1) Every document I've come across that deals with the APU I/O ports go over the SNES side briefly, not giving me enough information on what format I should upload the data in, and normally, how I should upload it. (I do have the latter information now but I'm unsure if I'm thinking of it properly)
As such, I want to know what the format the data is uploaded in or preferably a clear explanation of what you are doing at any step, as opposed to merely saying "copy a byte here" or whatever. An example of what I don't want is
here.
2) This is simply statistical. Anyway, I want to know how long the following take, in terms of FastROM master clock cycles, although machine cycles and non-FastROM (SlowROM?) would be acceptable too.
Anyway, the things I want this data for, are: V-blank, H-blank and the difference between H-blanks (time to go from the beginning of a scanline to the end of it).

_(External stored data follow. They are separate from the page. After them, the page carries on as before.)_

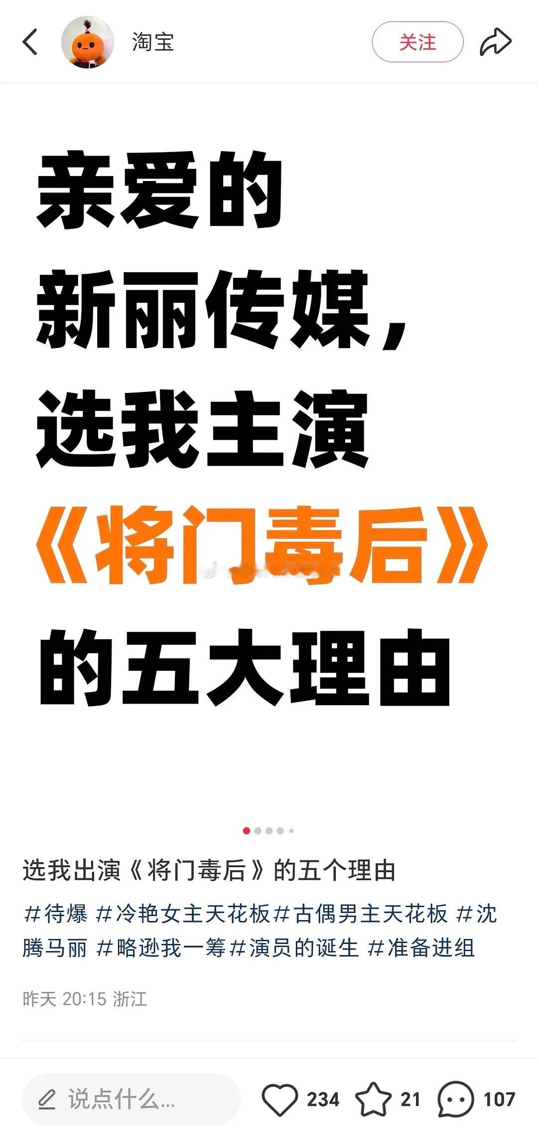 好好笑,我支持淘宝演将门毒后 😂😂
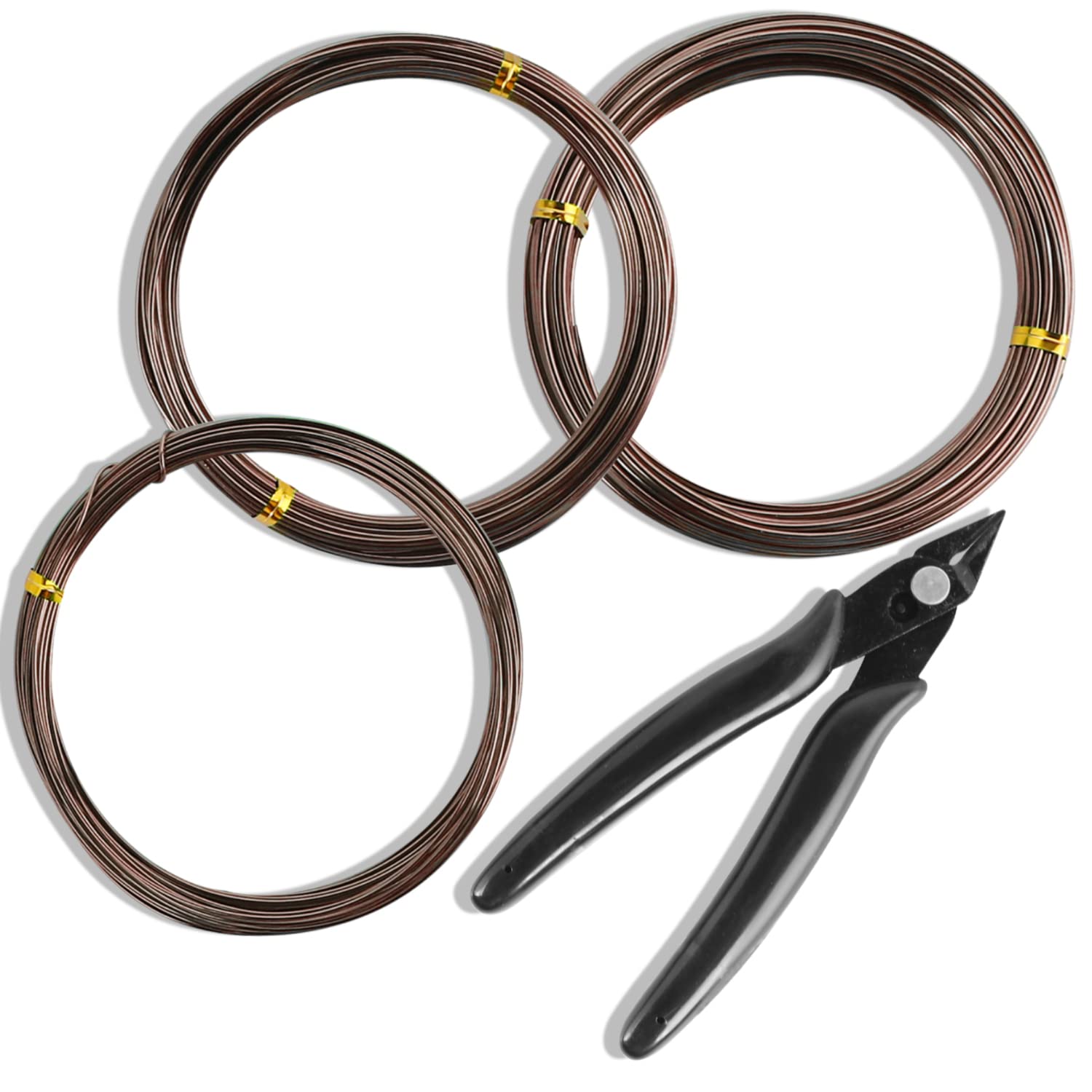Sanlykate Bonsai Wire Tool Kit with Cutter, 3 Roll Tree Training Wires 98 Feet Total, 1.0mm, 1.5mm, 2.0mm Anodized Aluminum Wire Set, Hold Plant Branches Trunks - Brown
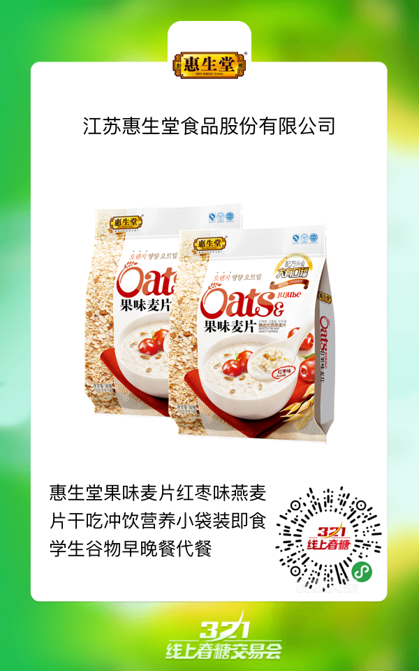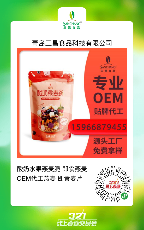 今日,零食参考从“线上春糖”特选出十款燕麦产品,供大家选择。扫描以下各产品图上的小程序码便可进入相关品牌店铺,立即咨询,一件代理!
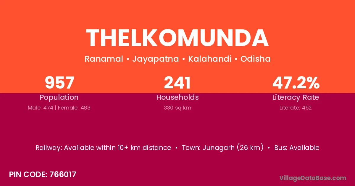 Thelkomunda village has a total population of 967 people, of which 474 are males and 493 are females.
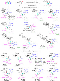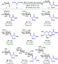 | Scheme 2. Scope of glycosyl bromides. Reaction conditions: A solution of 1 (0.2 mmol), 2 (0.24 mmol), PC 1 (2.0 mol%), HE (0.4 mmol) and Cs2CO3 (0.3 mmol) in MeCN (2 mL) was irradiated by 45 W blue LEDs for 18 h, isolated yields. The dr values were determined by 1H NMR analysis of crude reaction mixtures. | |
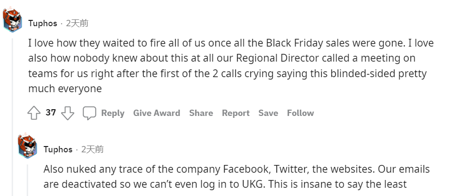 他們在黑色星期伍的所有促銷活動結束後解雇我們所有人,沒有人知道這件事,此外,公司還刪除了Facebook、Twitter和網站。
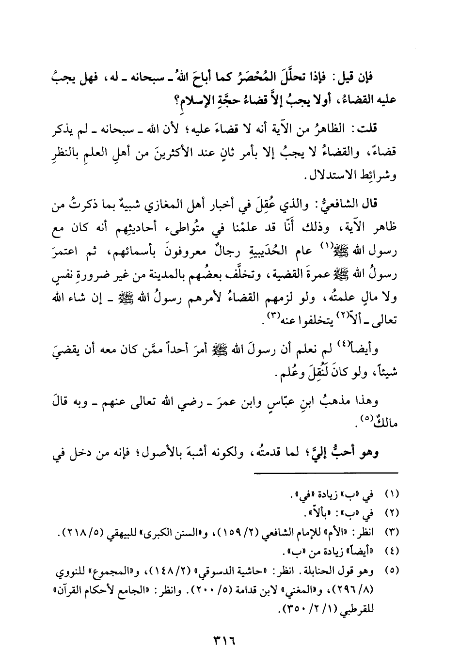 قال الشافعيُّ: والذي عُقِلَ في أخبار أهل المغازي شبيهٌ بما ذكرتُ من ظاهر الآية، وذلك أَنّا قد علمْنا في متُواطئ أحاديثِهم أنه كان مع رسول الله - صلى الله عليه وسلم - (¬1) عام الحُدَيبيةِ رجالٌ معروفونَ بأسمائهم، ثم اعتمرَ رسولُ الله - صلى الله عليه وسلم - عمرةَ القضية، وتخلَّف بعضُهم بالمدينة من غير ضرورةِ نفسٍ ولا مالٍ علمتُه، ولو لزمهم القضاءُ لأمرهم رسولُ الله - صلى الله عليه وسلم - إن شاء الله تعالى - ألاّ (¬2) يتخلفوا عنه (¬3).
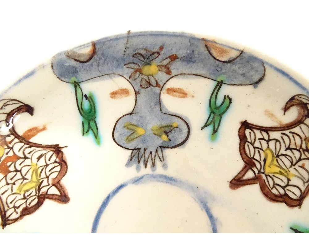 Ottoman ceramic bowl or cup from Kütahya, with rich decoration of stylized foliage, flowers and plant motif, in the background perhaps the representation of a mosque, provenance private collection (perhaps from the Muslim Art antique shop of Joseph Soustiel*), provenance Ottoman Turkey, 18th century period.
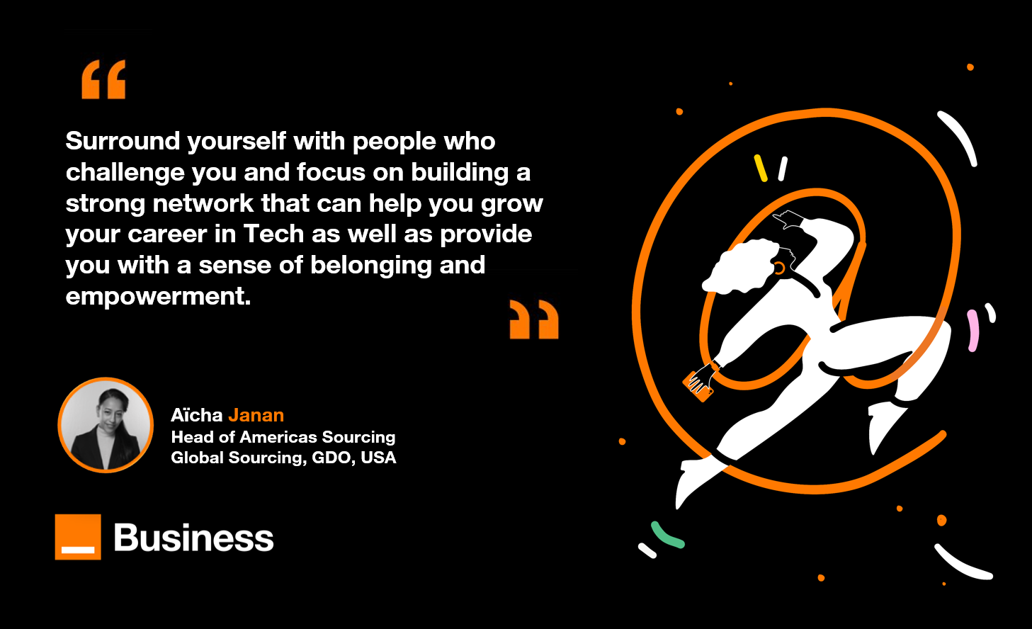 [Aïcha Janan]: As Head of Americas Sourcing and representing Orange Business in negotiations, I am often the only woman in the room. In a situation like this, having confidence in yourself is key, and speaking up will carry you through. I feel empowered to be myself and want to serve as an example that women can succeed in a male-dominated field. I have had great mentors along my career path who have motivated me to realize my full potential, and I like to do my part to give back to women I mentor to do the same. As the saying goes, “empowered women empower women,” and those are words I strive to embody every day.
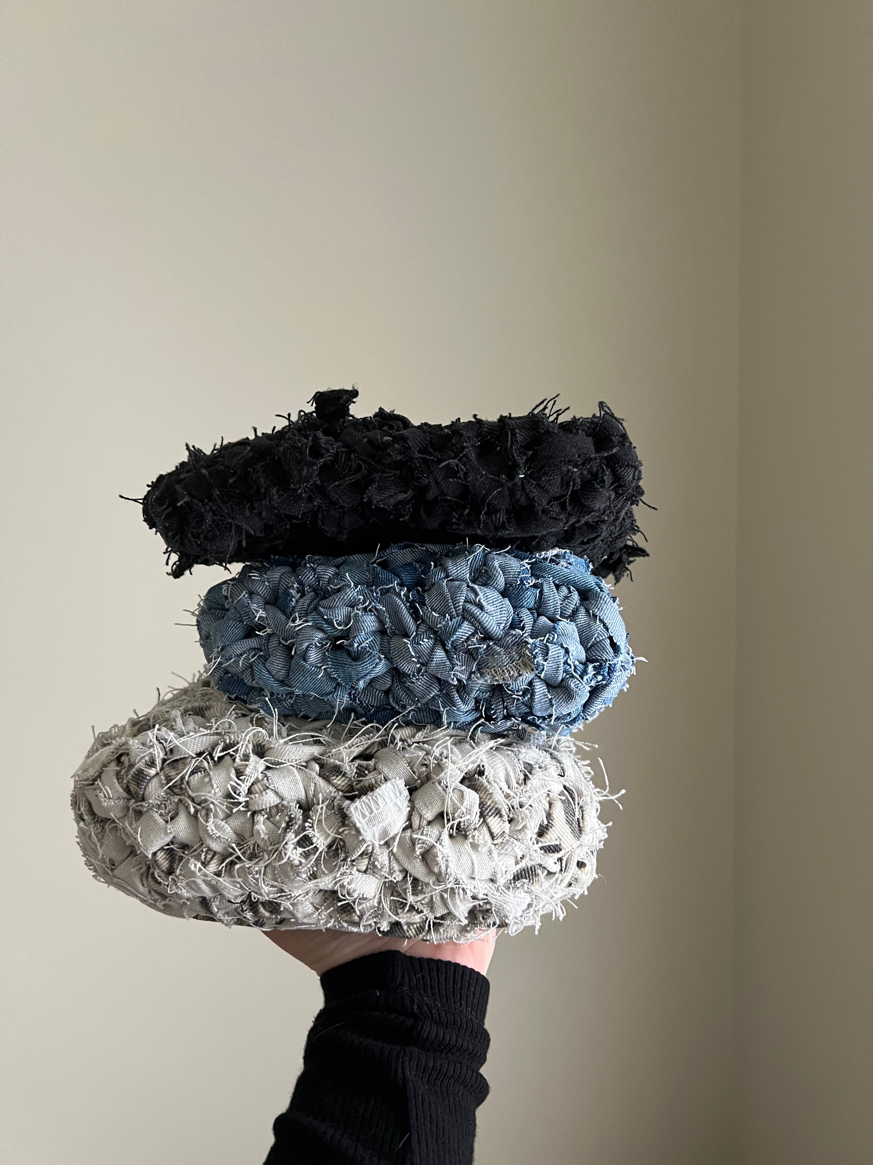 100% reclaimed fabric yarn. Thrifed clothing, fabric and accessories. Unused clothes. Deadstock/Surplus.

Any help would be appreciated, greatly!
1. I found the explanations to be confusing, too. There's nothing special about the data format, but what was helpful to me was just to disassemble the internal ROM of the SPC. It's only 64 bytes I think, you can extract it from any .SPC file. I found the code much easier to follow than any explanations of the loading process. You only need to use that once, then you can communicate any way you want (from within your loaded code).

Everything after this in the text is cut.